The Monetary Policy Rate was lowered to 6 percent, Governor Lamido Sanusi said in Abuja today after presiding over his first Monetary Policy Committee meeting. The rate is the midpoint of an “interest rate corridor,” where the central bank lends to commercial banks at 8 percent and borrows at 4 percent.
Sanusi wants to lower interbank lending rates, which are near the cap of 22 percent because of a lingering liquidity squeeze after equity investors defaulted on loans and many foreigners pulled funds out of the country. The bank governor also relaxed restrictions on foreign exchange trading after the local currency stabilized and oil prices recovered, boosting the nation’s foreign currency reserves.
“This is a signal of easing,” said Leon Myburgh, Africa strategist at Citigroup Inc. in Johannesburg. “It’s very encouraging that Sanusi moved as quickly as he did” on lifting restrictions on the foreign exchange market.

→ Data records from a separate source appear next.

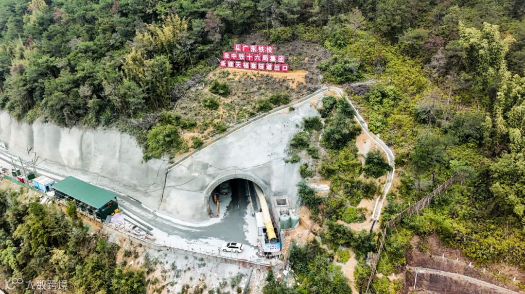 天福寨隧道位于广东省云浮市境内,全长1127.57米,最大埋深约100米。隧道下穿高压电塔、断层带和浅埋段等多种风险源,施工过程中,建设团队构建“超前地质预报、动态设计、精准支护”的一体化技术体系,综合运用多种探测与监测技术,确保隧道开挖安全平稳推进。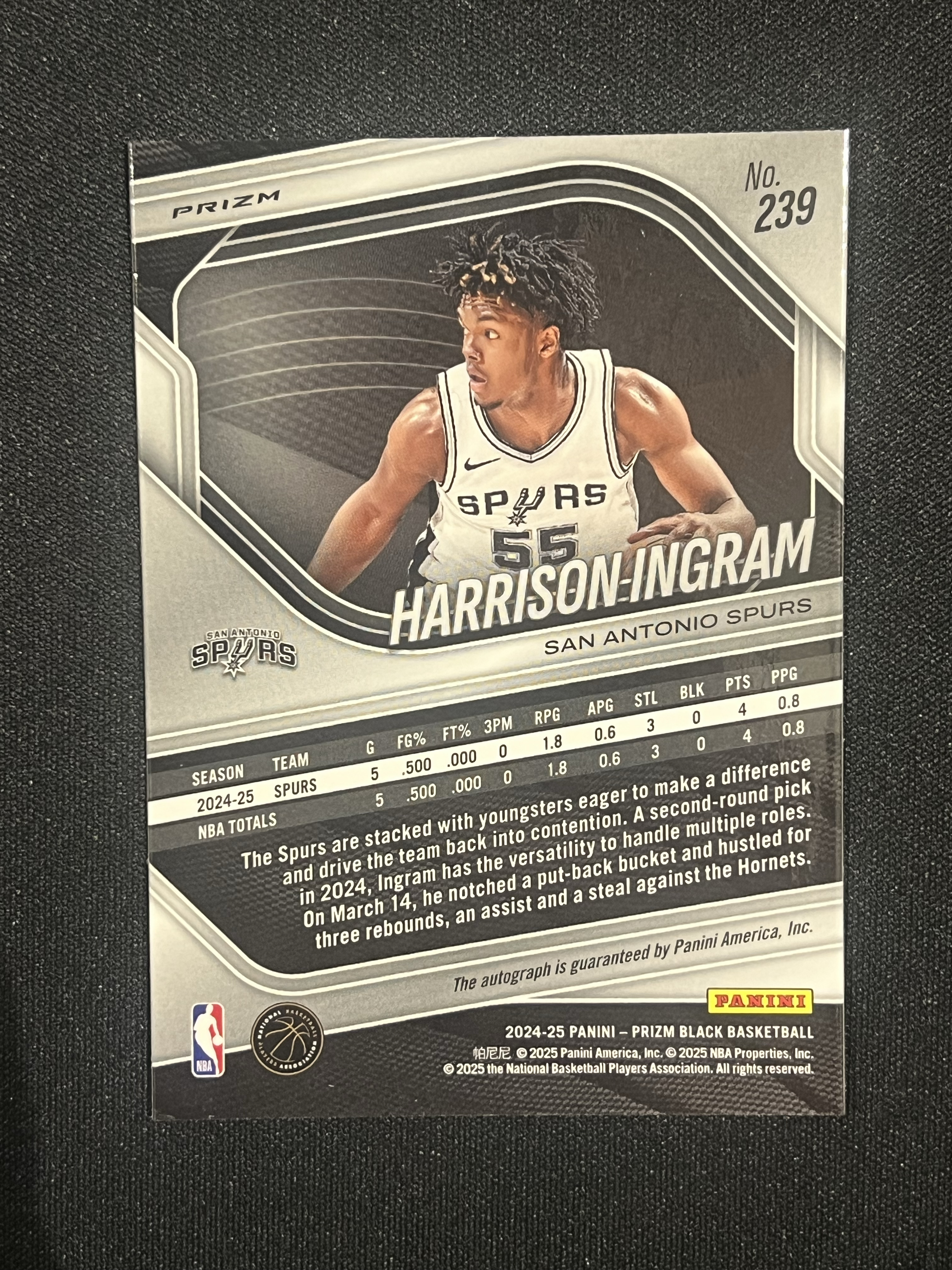 【卡卡星拍卖】2024-25 Panini Prizm Black Harrison Ingram RC 马刺 哈里森英格拉姆 新秀 折射 银折 签字 卡品如图 黑阿拉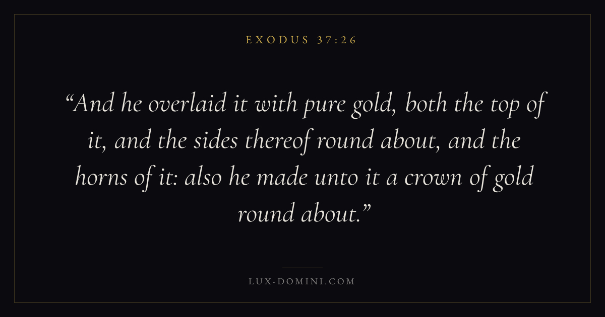 And he overlaid it with pure gold, both the top of it, and the sides thereof round about, and the horns of it: also he made unto it a crown of gold round about.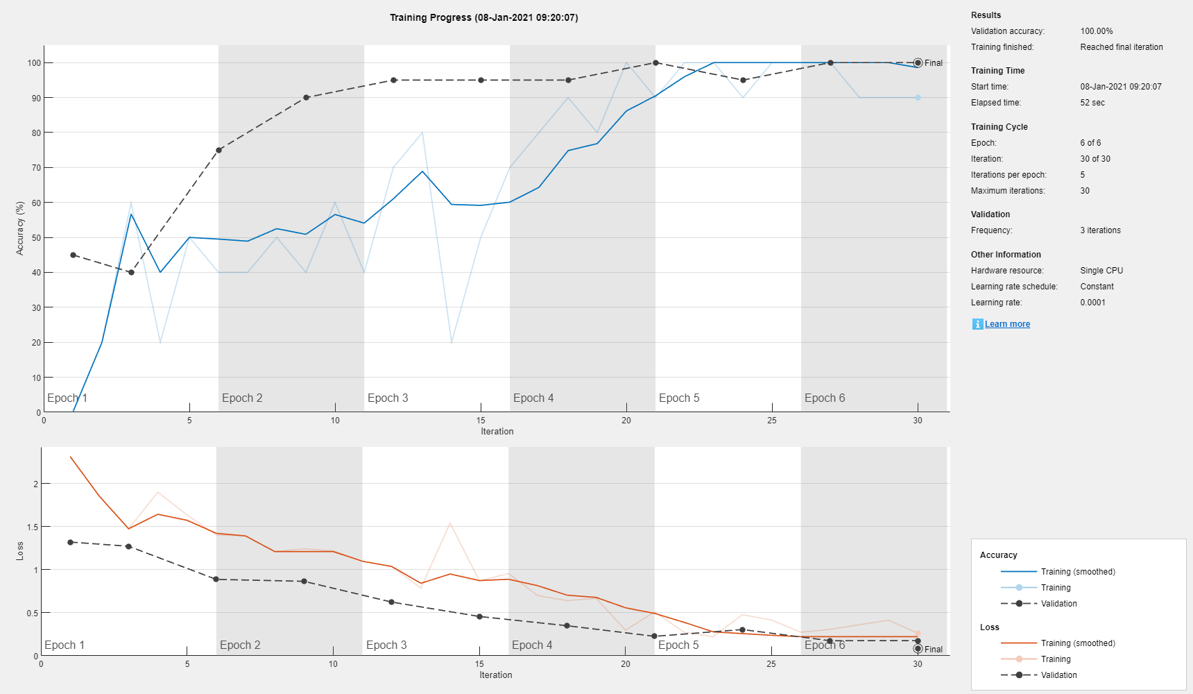 options = trainingOptions('sgdm', ... 'MiniBatchSize',10, ... 'MaxEpochs',6, ... 'InitialLearnRate',1e-4, ... 'Shuffle','every-epoch', ... 'ValidationData',augimdsValidation, ... 'ValidationFrequency',3, ... 'Verbose',false, ... 'Plots','training-progress');

The rate cut was a surprise because inflation is still above 10 percent, Myburgh said. The inflation rate fell for the third consecutive month in May, dropping to 13.2 percent from 13.3 percent the month before, the National Bureau of Statistics said on June 16.
The cash squeeze among banks led economic growth to slow to 6.3 percent in the first quarter of the year from 8.2 percent in the final quarter of 2008, easing pressure on inflation, the central bank said on June 22.
Sanusi took up his position on June 3, replacing Chukwuma Soludo, whose term as central bank governor ended last month. Soludo cut the benchmark interest rate by 1.75 percentage points on April 8 after it had been on hold since Sept. 18.